Espetáculo concebido a partir de coreografias criadas pelos próprios bailarinos da companhia, o projeto Endogenias do Balé Teatro Castro Alves (BTCA) volta a cartaz nos dias 25 e 26 de março, na Sala Principal do TCA, às 20h. A apresentação, com a plateia no palco, traz uma estreia para o público: a coreografia DAN, concebida e dirigida por Rosa Barreto, que propõe uma reflexão sobre a dualidade no mundo, a partir da simbologia afro-brasileira de Oxumaré, orixá ambíguo por pertencer à água e à terra, sendo macho e fêmea. Além de DAN, o BTCA se apresenta no sábado (25) com as coreografias Youkali, de Konstanze Mello, livremente inspirado na obra de Bertolt Brecht e Kurt Weil, “Cabaré Youkali”, e De Lírios, de Tutto Gomes, “uma valorização da cultura popular nordestina”, tendo como ponto de partida o Movimento Armorial (anos 1970), liderado por Ariano Suassuna. Já no domingo (26), o público confere Generx, de Leandro de Oliveira, que aborda a identidade de gênero e a sexualidade - a criminalização, o preconceito, a tolerância e a celebração, e novamente DAN. Os ingressos custam R$ 10 (inteira) e R$ 5 (meia).
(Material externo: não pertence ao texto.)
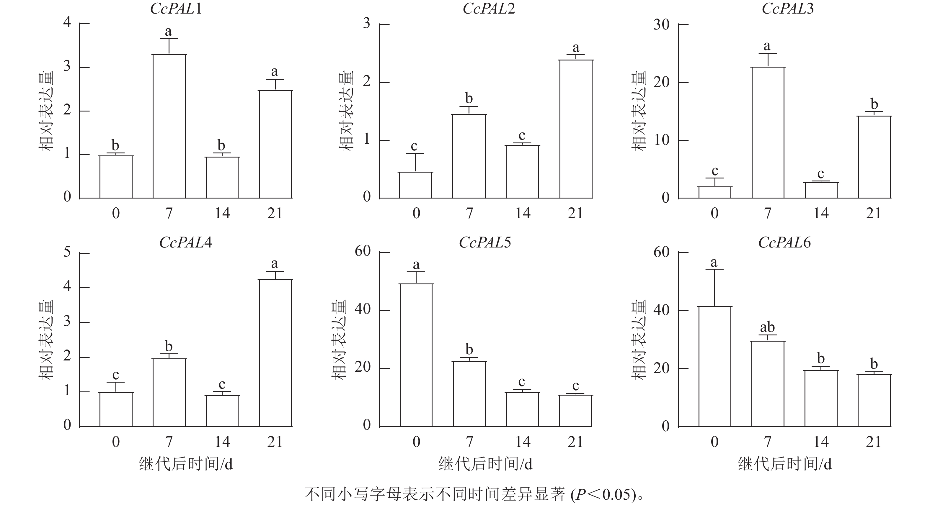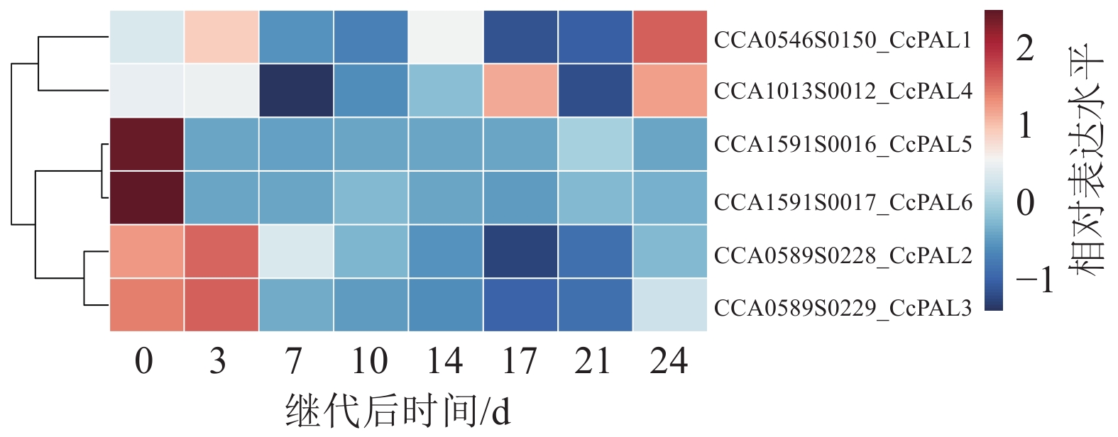 CcPALs基因在不同时间的愈伤组织中均有表达,但不同基因的表达量不相同。CcPAL5和CcPAL6整体表达量较高,且在继代后0 d表达量最高,说明继代后愈伤组织受伤期间CcPAL5和CcPAL6已经开始响应表达;CcPAL1~CcPAL4基因在愈伤组织开始增殖(继代后7 d)和出现褐化(继代后21 d)时表达量较高,说明2个不同分支下的PAL基因对山核桃愈伤组织的环境适应和细胞增殖褐化有不同的影响(图7)。
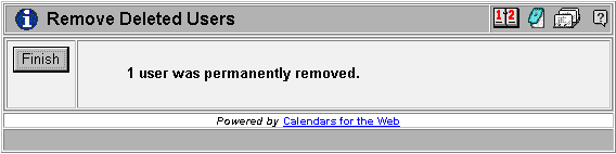 The above confirmation screen will appear when the remove is completed. Press the Finish button to return to the User Manager. See the Deleting Items help page for more information on deleting and un-deleting items. |
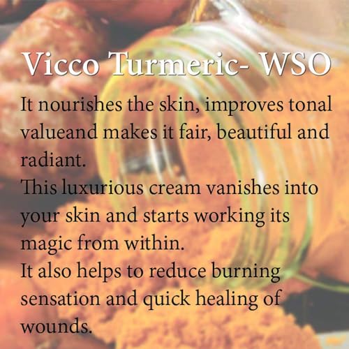 Turmeric is known for its aromatic and antiseptic properties. Vicco Turmeric WSO Cream has all these attributes and much more for your skin to benefit from. Pure turmeric powder in cream base inherent in this formulation is very useful in dermatological disorders like boils pimples acne allergic rashes nappy rashes and itching. It also helps to reduce burning sensation and facilitates healing of wounds. Regular use of Vicco Turmeric WSO Cream improves tonal quality of skin making it radiant. A must cream for every household !
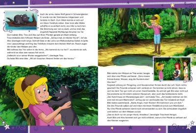 Bibi und Tina sind die allerbesten Freundinnen und erleben mit ihren Pferden Sabrina und Amadeus die tollsten Abenteuer. Sei dabei, wenn die beiden Mädchen einem süßen Welpen helfen, seine Mama zu finden, wenn sie in letzter Sekunde ein Naturparadies retten und schließlich noch einem fiesen Diamantenschmuggler das Handwerk legen! In diesem wunderschönen Gutenachtgeschichtenbuch können kleine Pferdefreunde Bibi und Tina bei ihren Erlebnissen begleiten und danach selbst glücklich ins Reich der Träume galoppieren.
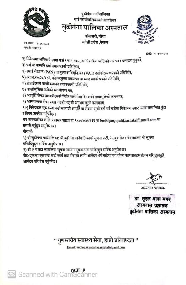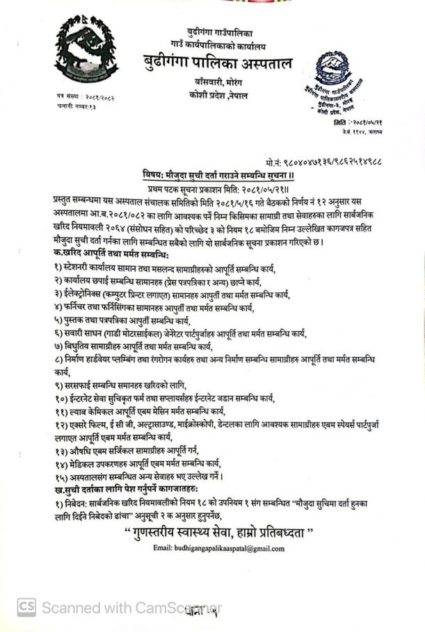 सार्वजनिक खरिद/बोलपत्र सूचना

Vigor e ousadia - O diretor artístico do BTCA, o bailarino, coreógrafo e professor Antrifo Sanches, explica que o projeto Endogenias, criado em 2016, tem a ver com a qualidade daquilo que se origina no interior de um organismo, de um sistema, ou que se desenvolve pela influência de fatores internos. Endogenias remete a um processo de crescimento do próprio Balé, que parte do interior para o exterior, e se apresenta como um todo, numa cena inteira bastante contemporânea: “Vigor e ousadia, para sair da zona de conforto, foram as palavras de ordem que nortearam a concepção dessa proposta, que o público confere muito de perto e até mesmo interage em alguns momentos”. A montagem não é recomendada para menores de 18 anos, por conter cenas de nudez e conteúdo sexual.  O BTCA é mantido pela Secretaria de Cultura do Estado da Bahia (Secult-BA) através da Fundação Cultural do Estado da Bahia (Funceb).

 

COREOGRAFIAS:

DAN (estreia) – Concepção e direção coreográfica de Rosa Barreto, DAN – cujo nome simboliza a serpente sagrada do Daomé-Benin que representa a eternidade e a mobilidade sob a figura de uma cobra que engole a própria cauda – propõe uma reflexão sobre a dualidade no mundo. Elementos contrários que dialogam e até mesmo coexistem. A inspiração, a partir do referencial na cultura Afro-brasileira, foi a simbologia de Oxumaré, orixá ambíguo por pertencer à água e à terra, sendo macho e fêmea, e representa a necessidade do movimento de transformação. Oxumaré o orixá de todos os movimentos, de todos os ciclos.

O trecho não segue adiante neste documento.